Вся эта история началась в одно прекрасное апрельское утро (право, зря клевещут на лондонский климат), в то время как Френсис Доран бродила по усеянным цветущими нарциссами лужайкам Риджентс-парка. Она шла, окутанная лёгким, прозрачным туманом, который поднимается в солнечные дни над мокрыми от росы лугами. Она любила этот парк нежно и как-то по-особенному.

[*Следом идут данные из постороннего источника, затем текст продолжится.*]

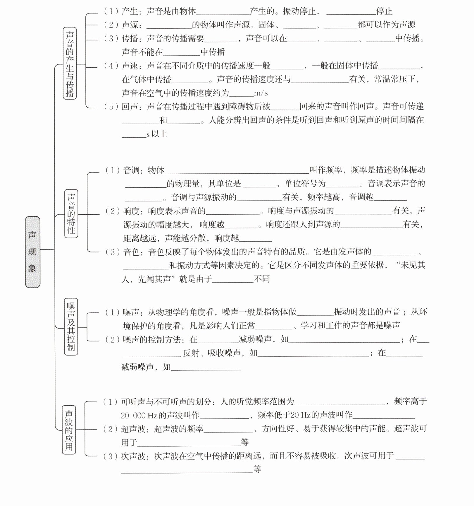 - (5)回声:声音在传播过程中遇到障碍物后被________回来的声音叫作回声。声音可传递和。人能分辨出回声的条件是听到回声和听到原声的时间间隔在________s以上

Странная и удивительная это была любовь, тем более для жительницы Хемпстед-хайта — самого большого и дикого парка Лондона, расположенного на его северной окраине.

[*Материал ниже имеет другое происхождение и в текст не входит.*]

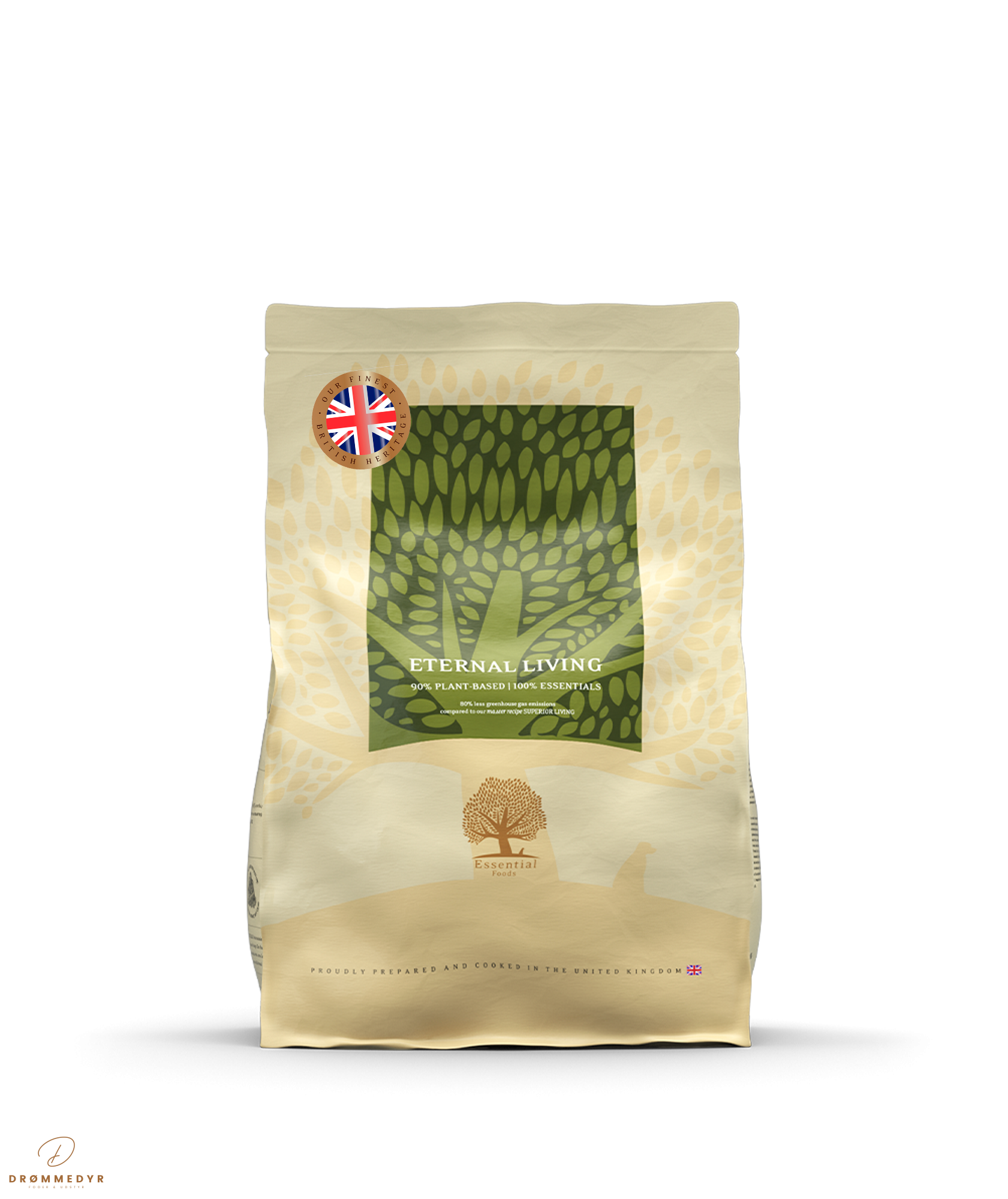 ESSENTIAL Eternal Living er et kornfrit fuldfoder skabt til voksne hunde, der fortjener et måltid med ekstra fokus på langtidssundhed og naturlig trivsel. Opskriften er baseret på friske råvarer af høj kvalitet og en nænsomt afbalanceret kombination af kød, grøntsager, frugter og urter – sammensat for at støtte et stærkt immunforsvar, sund fordøjelse og stabil energi dagen igennem.

Дорога, по которой можно попасть в Хемпстед-хайт с юга, тянется сперва вдоль широкого, почти голого пустыря, где время от времени бывают многолюдные ярмарки, затем пересекает несколько маленьких улочек, на одной из которых некогда жил поэт Ките, и наконец поднимается в гору; и вот здесь, справа от неё, и лежит этот парк, впрочем, он скорее похож на холмистую, поросшую лесом равнину, пригодную для выпаса овец, чем на обычный городской парк. Теперь, когда вы поднялись до половины горы, сверните направо и начните спускаться по маленькой, еле приметной тропинке; извиваясь между деревьями, она неожиданно приведёт вас к крошечной, утопающей в зелени деревушке, которая покажется вам необычайно трогательной посреди океана каменных громад. Носит она многообещающее название: «Вэйл-оф-Хелс», что означает «Долина Здоровья». Прозвали её так не иначе как в шутку, потому что, по слухам, туманы обволакивают её постоянно; впрочем, когда я впервые попал сюда, стояла чудесная погода… Мы открыли этот благословенный край с одной моей лондонской приятельницей. И пришли в дикий восторг. Ведь перед нами была настоящая деревня, с небольшими домами, улочками, центральной площадью и даже «пабом» (кабачком) на берегу подёрнутого туманом пруда. Проходя по одной из этих улочек, такой узкой, что по ней с трудом проезжал велосипедист, мы вдруг заметили стоящий в глубине игрушечного садика небольшой двухэтажный дом, увитый цветущими глициниями и диким виноградом. Широкое окно первого этажа выходило в садик; прохожий, случайно попавший в этот почти неправдоподобный уголок, мог разглядеть очень уютную комнату, обставленную своеобразно, но не крикливо. В доме никого не было видно, и мы, залюбовавшись, простояли перед ним несколько минут, не подозревая, что этот домик в самом сердце деревушки, которая укрылась посреди парка, расположенного в самом сердце Лондона, в один прекрасный день прославится на весь мир.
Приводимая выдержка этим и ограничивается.